8.3.1 Syntax of select
Basic select is a template that takes the form,
select *cols* from *table*
where table is either a table or a keyed table and cols is a comma-separated list of columns. This expression results in a list of all records for the specified columns. This corresponds to the SQL statement,
SELECT * FROM *table*
In q you do not write the wildcards when you want all columns in the table; simply omit the column list and you get them all.
This basic select syntax may seem comfortably familiar from SQL, but it should seem odd to the q newbie who is just getting accustomed to parsing expressions right-to-left. Neither 'select' nor 'from' represent functions that can stand alone. Instead, they are part of a template and must appear together. There are many options for the basic select template whose elements appear between the 'select' and 'from' or after the table element.
8.3.2 Displaying the Result
The result of select is always a table. You can think of it as a list of (conforming) records but it is constructed as a column dictionary.
q)select from t
name iq
--------------
Dent 42
Beeblebrox 98
Prefect 126
8.3.3 Selecting Columns
To select specific columns, list them comma-separated, sequenced in left-to-right order between select and from. You can optionally provide result column names using the same colon format as table definition syntax.
q)select name from t
name
----------
Dent
Beeblebrox
Prefect
q)select c1:name, c2:iq from t
c1 c2
--------------
Dent 98
Beeblebrox 42
Prefect 126
8.3.4 Basic update
The syntax of update is the same as select, but specifying columns indicates replacement with the values to the right of the colon. In our example everyone gets smarter.
q)update iq:iq+5 from t
name iq
--------------
Dent 103
Beeblebrox 47
Prefect 131
8.4 Primary Keys and Keyed Tables
In SQL, one can declare one or more column(s) of a table as a primary key. This means that the values in the column(s) are unique over the domain of the rows, making it possible to identify and retrieve a row via its key value.
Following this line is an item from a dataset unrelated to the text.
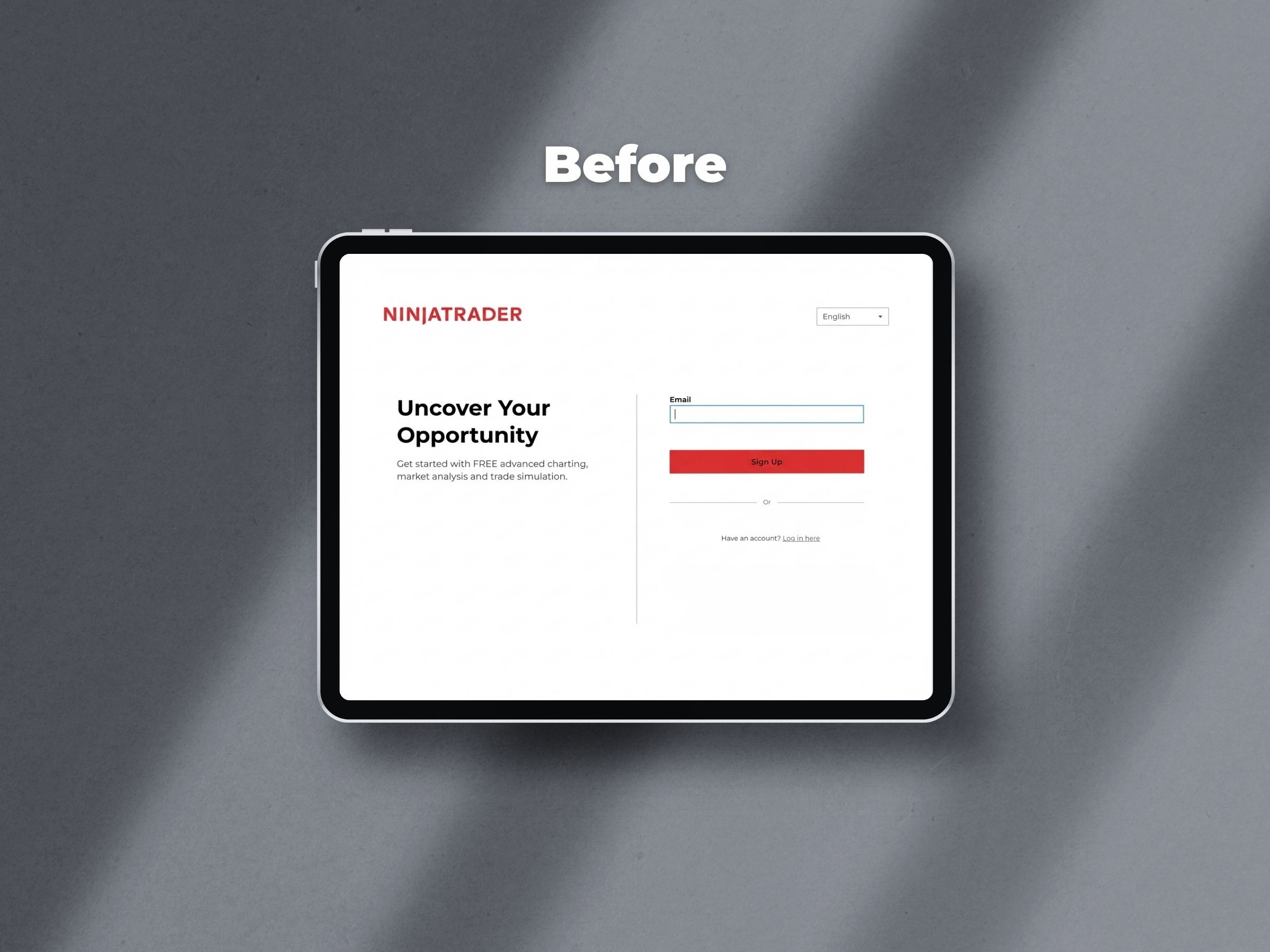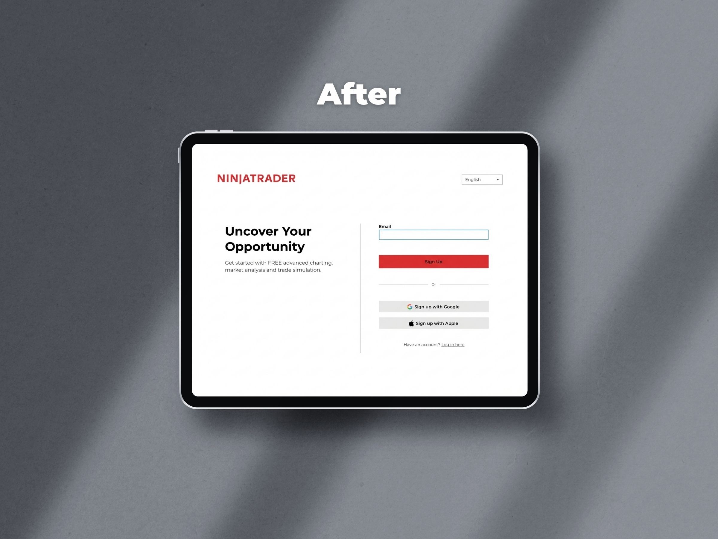 Below: the initial sign-up page redesign improved login and sign up options for users.

These two features motivate how q implements a keyed table.
8.4.1 Keyed Table
We begin with a simple key - i.e., the key is a single column of simple type. The approach is to place the key column in a separate table parallel to a table containing the remaining columns. So we have a table of keys aligned with a table of values. Since a table is logically a list of records, this is the same as a list of key records and list of value records. We establish a positional correspondence between these lists via a dictionary mapping.
A keyed table is a dictionary mapping a table of key records to a table of value records. This represents a mapping from each row in a table of (presumably unique) keys to a corresponding row in a table of values - i.e., a positional correspondence of key rows to value rows. Using dictionary lookup on a key (record) retrieves the corresponding value record in the remaining columns. This is just what a primary key should do. Note that the key mapping assumes that the key records and value records are in corresponding order.
Important
A keyed table is not a table - it is a dictionary and so has type 99h.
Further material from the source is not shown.